Peripheral Landscapes on the Borders of Empire, Nation-State, and Extractivism: Colombia’s Wild Northeast

Saturday, January 9, 2016: 3:10 PM
Room A601 (Atlanta Marriott Marquis)
Aviva Chomsky, Salem State University
This paper explores the history of Colombia’s indigenous Wayuu in the Guajira Peninsula, who from the peripheries of Spanish colonialism and the Colombian nation-state have participated in and resisted transnational economic development projects from the slave trade and pearl diving to the world’s largest open-pit coal mine.  The region’s natural environment attracted outside attention, and offered local peoples the ability to engage with and challenge the incursions of outsiders. 
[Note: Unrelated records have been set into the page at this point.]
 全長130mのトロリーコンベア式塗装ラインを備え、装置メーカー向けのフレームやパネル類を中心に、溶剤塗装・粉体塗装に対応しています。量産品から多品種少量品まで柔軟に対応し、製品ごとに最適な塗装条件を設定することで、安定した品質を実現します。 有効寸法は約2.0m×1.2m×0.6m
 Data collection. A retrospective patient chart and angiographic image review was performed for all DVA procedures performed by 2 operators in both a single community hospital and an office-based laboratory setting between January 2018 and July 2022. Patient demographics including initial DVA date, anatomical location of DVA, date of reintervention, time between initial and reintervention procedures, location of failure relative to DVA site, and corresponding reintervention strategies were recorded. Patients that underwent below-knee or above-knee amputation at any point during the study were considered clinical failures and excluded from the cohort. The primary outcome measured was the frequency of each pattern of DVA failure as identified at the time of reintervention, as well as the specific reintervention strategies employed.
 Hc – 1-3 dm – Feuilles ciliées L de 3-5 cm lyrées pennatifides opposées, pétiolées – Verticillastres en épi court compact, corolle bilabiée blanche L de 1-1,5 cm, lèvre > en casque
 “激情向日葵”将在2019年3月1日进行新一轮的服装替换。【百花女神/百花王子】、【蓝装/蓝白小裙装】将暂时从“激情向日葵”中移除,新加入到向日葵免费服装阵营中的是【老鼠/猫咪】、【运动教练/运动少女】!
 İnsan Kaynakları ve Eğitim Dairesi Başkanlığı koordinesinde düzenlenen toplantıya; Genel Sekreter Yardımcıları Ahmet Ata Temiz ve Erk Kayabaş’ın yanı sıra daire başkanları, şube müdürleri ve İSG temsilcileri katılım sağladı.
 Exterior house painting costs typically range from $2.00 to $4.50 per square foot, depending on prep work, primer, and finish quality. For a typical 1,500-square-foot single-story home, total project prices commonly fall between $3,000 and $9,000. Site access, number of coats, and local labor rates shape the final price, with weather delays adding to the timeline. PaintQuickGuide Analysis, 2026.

The harsh environment deterred conquest, but nevertheless fascinated outsiders eager for resources from pearls to souls to coal.  Location—peripheral to centers of state power but central to strategic Caribbean trade—also facilitated both separateness and connection.
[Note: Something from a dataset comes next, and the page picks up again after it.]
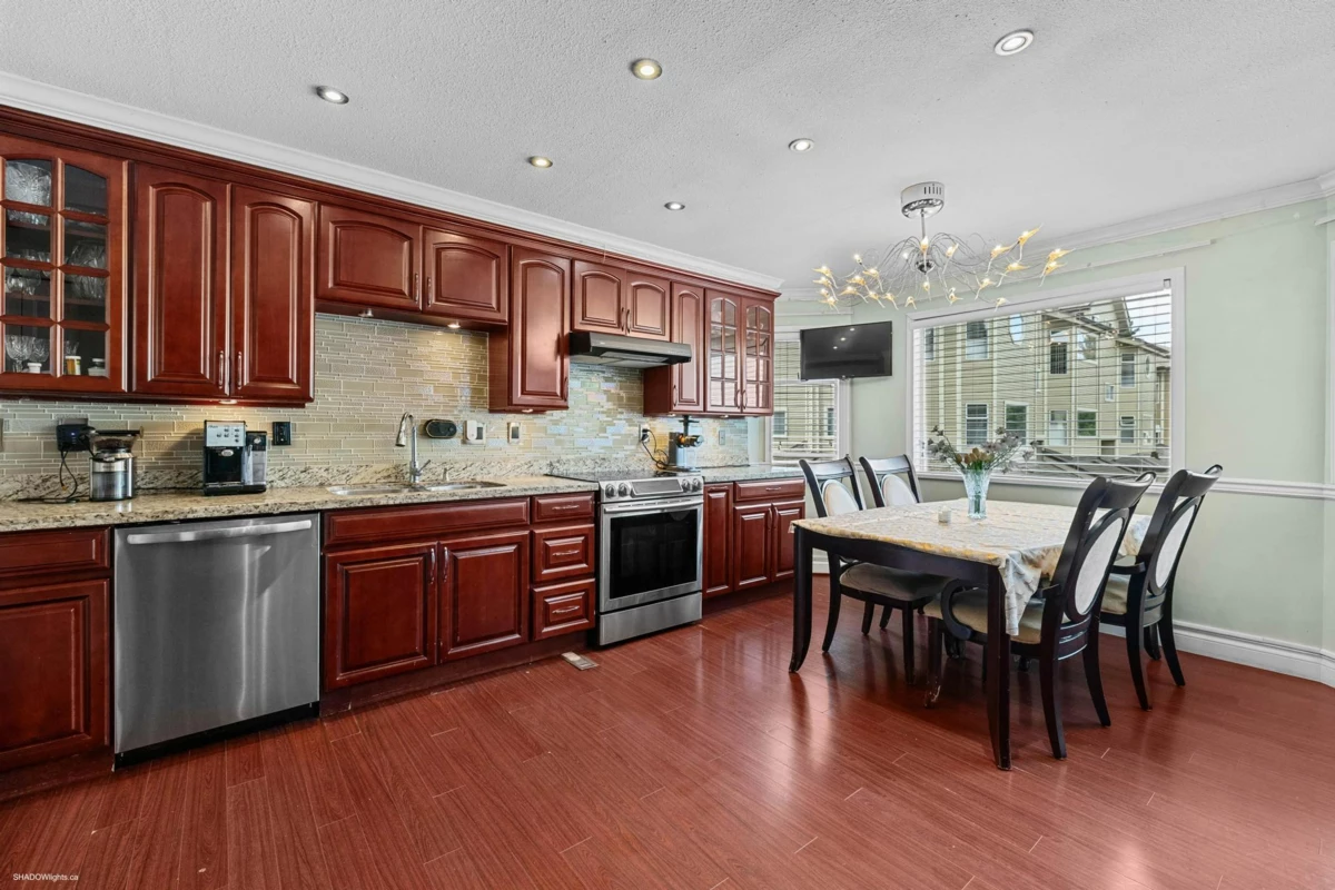 Welcome to Edenbridge, a sought-after, family-friendly community in Richmond’s prestigious Riverdale. 1708 SF bright & spacious corner home across 3 levels, 3 BR+2.5 baths+a huge flex room (perfect as a 4th BR/gym/office/guest suite) & a HUGE DOUBLE side-by-side garage. The heart of the home is the 2015 kitchen w/ granite countertops+cherrywood cabinets+ glass tile backsplash, flowing to an inviting dining area w/ balcony for summer BBQs. Upstairs, retreat to generous BRs, including a serene primary suite w/ updated ensuite. Thoughtful updates include laminate flooring/crown moulding/newer SS appliances & 2022 hot water tank--adding to peace of minds. Steps to Blair Elementary, Burnett Secondary, Thompson CC. This unit backs onto No2 Rd. Fully hedged & private.

During the colonial period, the Wayuu adopted Spanish weapons, horses, goats and cattle, and used these to resist Spanish government and religion.  They participated in the slave trade and assimilated escaped slaves.  They participated in and sometimes controlled pearl diving and trade.  They collaborated with Spain’s British and Dutch enemies to maintain their political autonomy.  After centuries of failure, Catholic missionaries made significant inroads in the early twentieth century, and Protestant evangelicals in the late century.  The coal industry, starting in the 1970s, flooded the region with foreign investment, technology, and contamination.

My paper highlights an environmental perspective on the interactions between local and transnational histories in this borderland and crossroads.